** Opening Input material block **

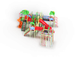 Детский игровой комплекс состоит из семи башен. На первой башне установлены шест спираль, ручки вспомогательные, горка, ограждение фанерное в форме динозавра и крыша. На второй башне установлена лиана наклонная. На третьей башне горка, фанерное ограждение в форме динозавра, перекладина и ручки вспомогательные. Третья башня имеет продолжение в виде гимнастического комплекса состоящего из рукохода, шеста, декоративных накладок и шведской стенки. На четвертой башне установлена пластиковая горка-труба. На пятой башне установлено фанерное ограждение в форме динозавра и лестница. На шестой башне установлены фанерное ограждение в форме динозавра, шведская стенка и ручки вспомогательные. Шестая башня имеет продолжение в виде гимнастического комплекса состоящего из: сетки полипропиленовой, декором в виде динозавриков, перекладин с полипропиленово лестницей, канатами и кольцами гимнастическими, шведских стенок. На седьмой (двухуровневой) башне установлена крыша, фанерные ограждения в форме динозавра, горка пластиковая винтовая, лестница. Первая и вторая башня соединены подвесным качающимся мостом, вторая и третья подвесным качающимся мостом, четвертая и вторая, четвертая и пятая наклонным мостом с металлическими перилами на которые установлены накладки с ручной художественной росписью в виде динозавра, пятая и шестая пластиковой трубой переходом, четвертая и седьмая пластиковой трубой переходом.
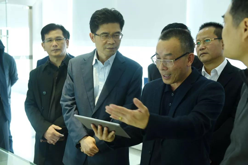 新兴县经信局长陈子雄,集团总裁办主任梁贤武、总裁办助理欧剑华、行政部经理陈永锦、信息中心负责人苏伟锦陪同出席活动。
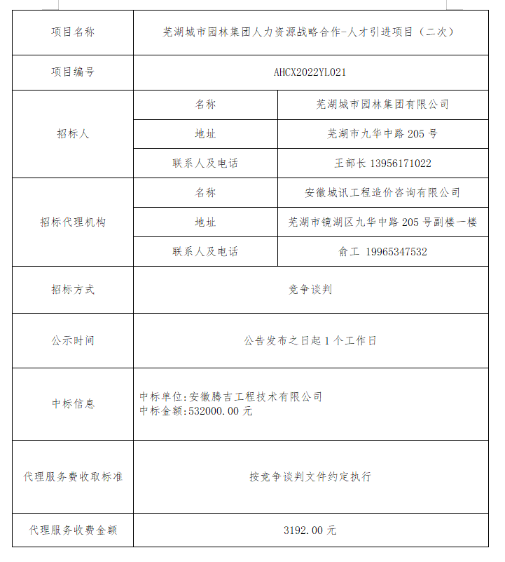 蕪湖城市園林集團(tuán)人力資源戰(zhàn)略合作-人才引進(jìn)項(xiàng)目(二次)中標(biāo)結(jié)果公示
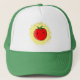 Um tomate vermelho bonito estilo cartoon. Chapéus de caminhoneiro personalizados. Design desenhado à mão com abertura de tinta amarela no fundo. Dar uma ideia para pessoas de todas as idades que amam tomates e legumes fofos.
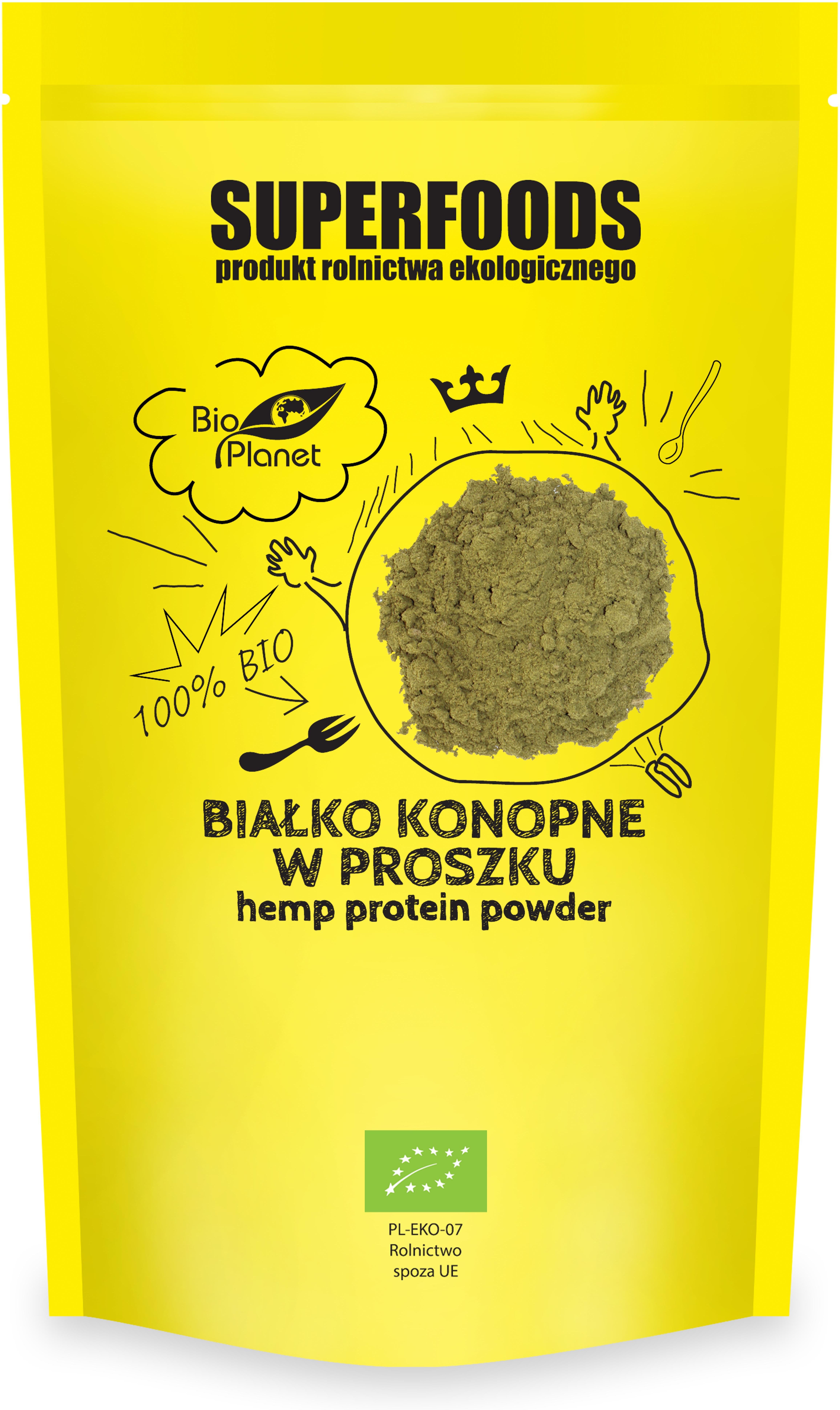 BIAŁKO KONOPNE W PROSZKU BIO 150 g - BIO PLANET BIO PLANET - seria SUPERFOODS SKŁADNIKIekologiczne białko konopne w proszku.OPIS:Białko z ekologicznych nasion konopi pozostawia na długo uczucie sytości. Idealnie sprawdzi się dla osób będących na diecie wysokobiałkowej, wegańskiej, a także uprawiających sport. SPOSÓB PRZYGOTOWANIA5 łyżeczek (15 g) produktu wymieszać z 200 ml soku, MLEKA, napoju roślinnego lub wody.WARTOŚĆ ODŻYWCZA W 100 gWartość energetyczna 1516 kJ/363 kcalTłuszcz 11 gw tym kwasy tłuszczowe nasycone 1,3 gWęglowodany 4,2 gw tym cukry 4,2 gBłonnik 24 gBiałko 49 gSól 0 gINFORMACJA ALERGENNAProdukt może zawierać: ZBOŻA ZAWIERAJĄCE GLUTEN, ORZESZKI ZIEMNE, ORZECHY, NASIONA SEZAMU, soję.ZALECANE WARUNKI PRZECHOWYWANIAPrzechowywać w suchym i chłodnym miejscu. Kraj pochodzenia: Litwa Ilość w opakowaniu zbiorczym: 1 Wysokość opakowania jednostkowego (cm): 23.00 Głębokość opakowania jednostkowego (cm): 7.00 Masa netto (g): 150 Gwarantowany termin przydatności (w dniach): 240 Szerokość opakowania jednostkowego (cm): 13.00 Producent: BIO PLANET - seria BIAŁKA Bez Cukru: BEZ CUKRU (w składnikach) CERTYFIKAT BIO: CERTYFIKAT BIO Kraj pochodzenia składników (słownik BP): Rolnictwo UE WEGAŃSKI: WEGAŃSKI WEGETARIAŃSKI: WEGETARIAŃSKI Producent - nazwa i adres: BIO PLANET S.A.. WILKOWA WIEŚ 7. 05-084 LESZNO BEZ GLUTENU (w składnikach): BEZ GLUTENU (w składnikach)
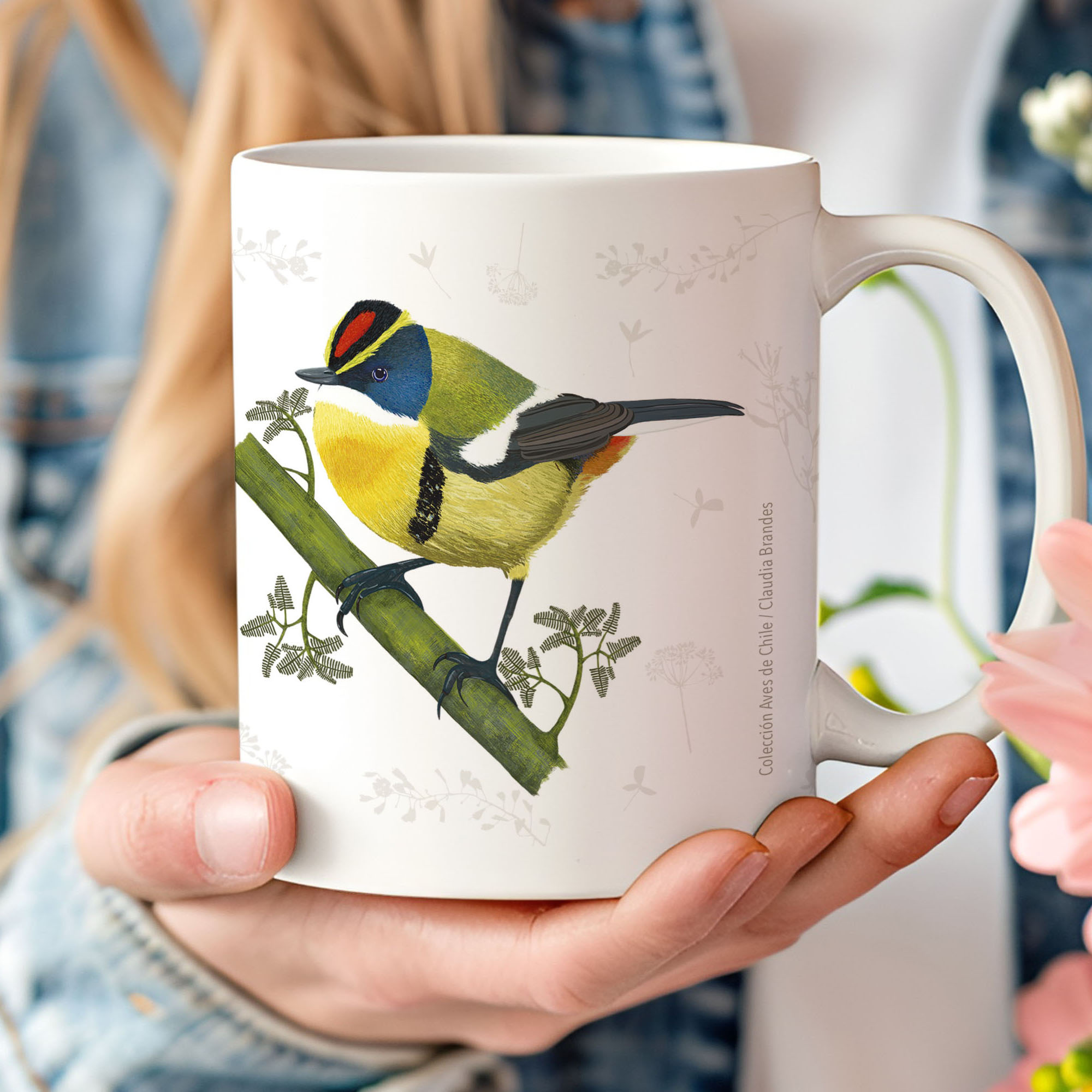 Tazones de pajaritos, fauna chilena y flores
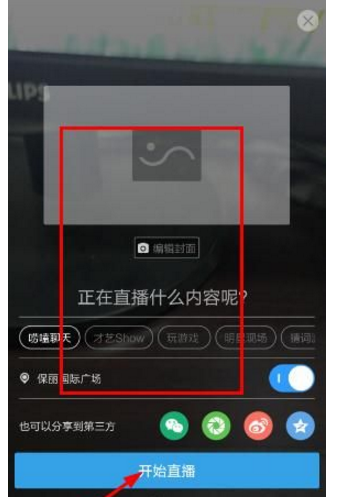 2、选择编辑封面,填写直播标题,点击“开始直播”按钮
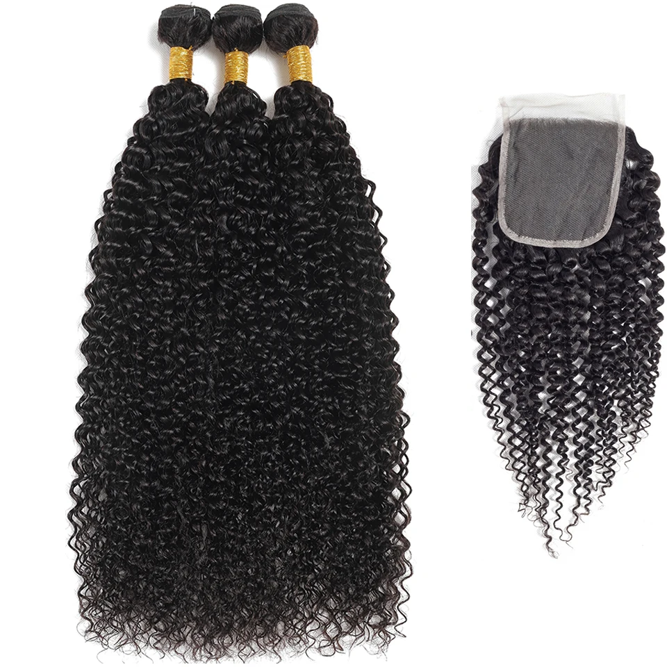 Бразильские волосы Джерри Керл пряди с закрытием бразильские волосы...
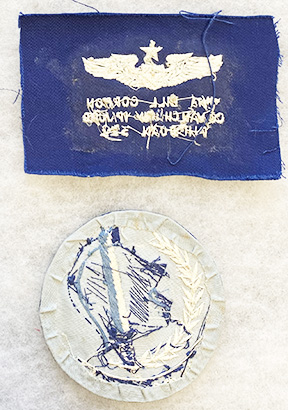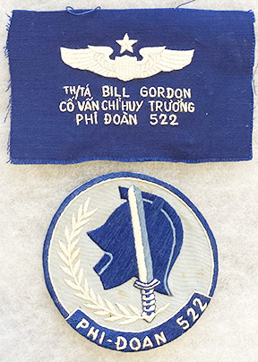Vietnam US Air Force 522nd Fighter Squadron US Advisor To VNAF Patch Set. Two pieces. The 520th fighter squadron patch is Vietnamese hand embroidered and unused. The cloth name tag has a Vietnamese hand emb. Command pilot wing with TH/TA BILL GORDON CO VAN CHI HUY TROUNG PHI DOAN 522 below. It is unused also. Great set of insignia.

** Closing Input material block **

**What you will do**. What to print is the stretch of entries from the line with "新兴县经信局长陈子雄,集团总" up to and including the line with "Бразильские волосы Джерри". Please print it exactly and leave out the pictures.

**Task answer**.
 新兴县经信局长陈子雄,集团总裁办主任梁贤武、总裁办助理欧剑华、行政部经理陈永锦、信息中心负责人苏伟锦陪同出席活动。
 蕪湖城市園林集團(tuán)人力資源戰(zhàn)略合作-人才引進(jìn)項(xiàng)目(二次)中標(biāo)結(jié)果公示
 Um tomate vermelho bonito estilo cartoon. Chapéus de caminhoneiro personalizados. Design desenhado à mão com abertura de tinta amarela no fundo. Dar uma ideia para pessoas de todas as idades que amam tomates e legumes fofos.
 BIAŁKO KONOPNE W PROSZKU BIO 150 g - BIO PLANET BIO PLANET - seria SUPERFOODS SKŁADNIKIekologiczne białko konopne w proszku.OPIS:Białko z ekologicznych nasion konopi pozostawia na długo uczucie sytości. Idealnie sprawdzi się dla osób będących na diecie wysokobiałkowej, wegańskiej, a także uprawiających sport. SPOSÓB PRZYGOTOWANIA5 łyżeczek (15 g) produktu wymieszać z 200 ml soku, MLEKA, napoju roślinnego lub wody.WARTOŚĆ ODŻYWCZA W 100 gWartość energetyczna 1516 kJ/363 kcalTłuszcz 11 gw tym kwasy tłuszczowe nasycone 1,3 gWęglowodany 4,2 gw tym cukry 4,2 gBłonnik 24 gBiałko 49 gSól 0 gINFORMACJA ALERGENNAProdukt może zawierać: ZBOŻA ZAWIERAJĄCE GLUTEN, ORZESZKI ZIEMNE, ORZECHY, NASIONA SEZAMU, soję.ZALECANE WARUNKI PRZECHOWYWANIAPrzechowywać w suchym i chłodnym miejscu. Kraj pochodzenia: Litwa Ilość w opakowaniu zbiorczym: 1 Wysokość opakowania jednostkowego (cm): 23.00 Głębokość opakowania jednostkowego (cm): 7.00 Masa netto (g): 150 Gwarantowany termin przydatności (w dniach): 240 Szerokość opakowania jednostkowego (cm): 13.00 Producent: BIO PLANET - seria BIAŁKA Bez Cukru: BEZ CUKRU (w składnikach) CERTYFIKAT BIO: CERTYFIKAT BIO Kraj pochodzenia składników (słownik BP): Rolnictwo UE WEGAŃSKI: WEGAŃSKI WEGETARIAŃSKI: WEGETARIAŃSKI Producent - nazwa i adres: BIO PLANET S.A.. WILKOWA WIEŚ 7. 05-084 LESZNO BEZ GLUTENU (w składnikach): BEZ GLUTENU (w składnikach)
 Tazones de pajaritos, fauna chilena y flores
 2、选择编辑封面,填写直播标题,点击“开始直播”按钮
 Бразильские волосы Джерри Керл пряди с закрытием бразильские волосы...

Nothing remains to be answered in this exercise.